Sociology at Bard aims to provide an understanding of the structure and processes of society—from everyday interactions among friends to social transformations of global magnitude. Sociology students learn to systematically examine of a wide array of social phenomena, including social inequality, politics and the state, race, economic systems, gender, technological change, culture, religion, environmental risks, cities, family structures, and criminal justice. Unlike other social sciences, sociology situates the economic, cultural, and political aspects of human communities within the complex whole of social life. While contemporary complex societies are a central concern, historical and comparative questions are also essential to a sociological perspective. With its range of topics, theories, and methodologies, sociology teaches people to examine the social world in a way that is both rigorous and flexible.
Students planning to moderate in sociology are required to take a 100-level course in sociology (ideally Sociology 101, Introduction to Sociology); Sociology 205, Introduction to Research Methods; and Sociology 213, Sociological Theory, before Moderation. For Moderation, students submit the standard autobiographical outline of past and future work and a 10-page essay on a topic of their choice that has been approved by their adviser. Majors are expected to take two 300-level seminars and three additional electives. Each student must write a Senior Project based on their own original sociological research.
Recent Senior Projects in Sociology
- “Dreams Deferred: An Examination of the Experience of Downward Mobility among the Black Middle Class”
- “An Exceptional Nation: Why the United States Lacks Universal Health Insurance”
- “Producing Meaningful Work: An In-Depth Study of Domestic Workers and Stratified Reproduction”
- “The South Bronx: Exploring the Critical Role of Neighborhood Attachment in Education, Financial Security, and Aspirations”
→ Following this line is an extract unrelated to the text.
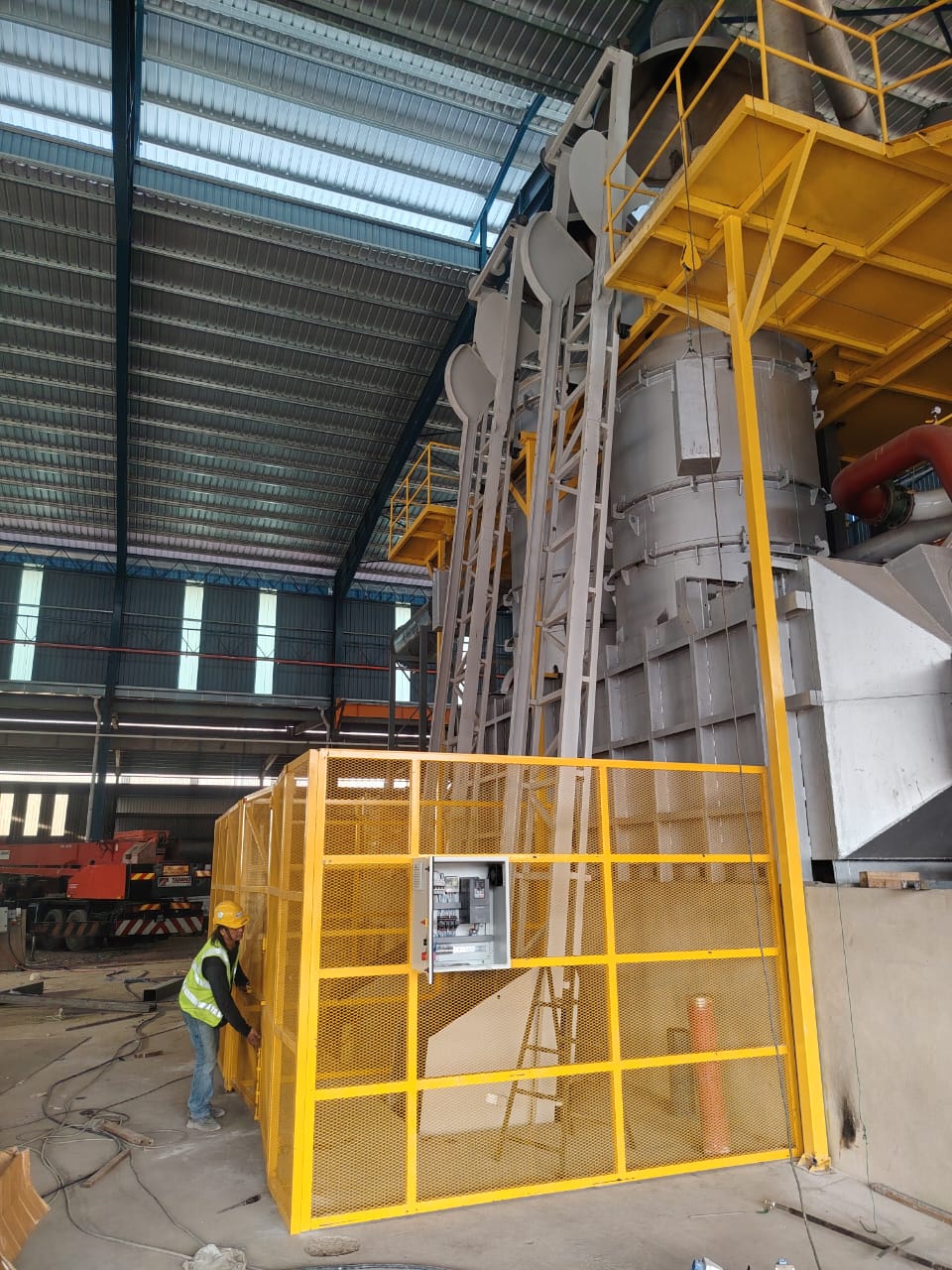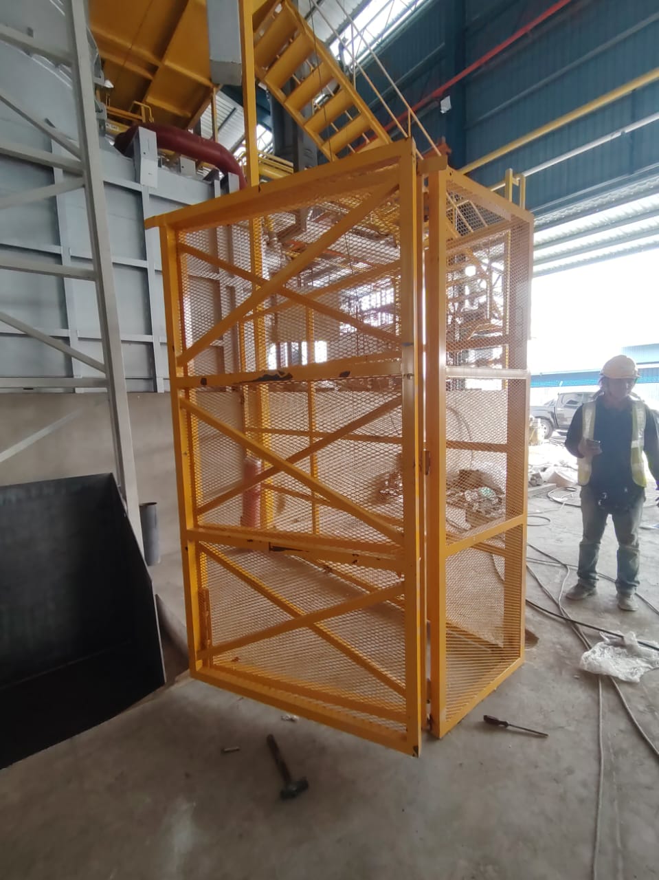 - Safety fence & door : Skip hoist is surrounded by a 2440mm high fence and door to prevent accidental entry during machine operation

The Sociology curriculum offers students a theoretical and methodological foundation to examine important social issues. Courses in the program expose students to quantitative, qualitative, and historical research. Students learn to use research to inform policy, and they use social theory to engage profound questions about the nature of social life. Through this training, students acquire skills in conducting systematic social research.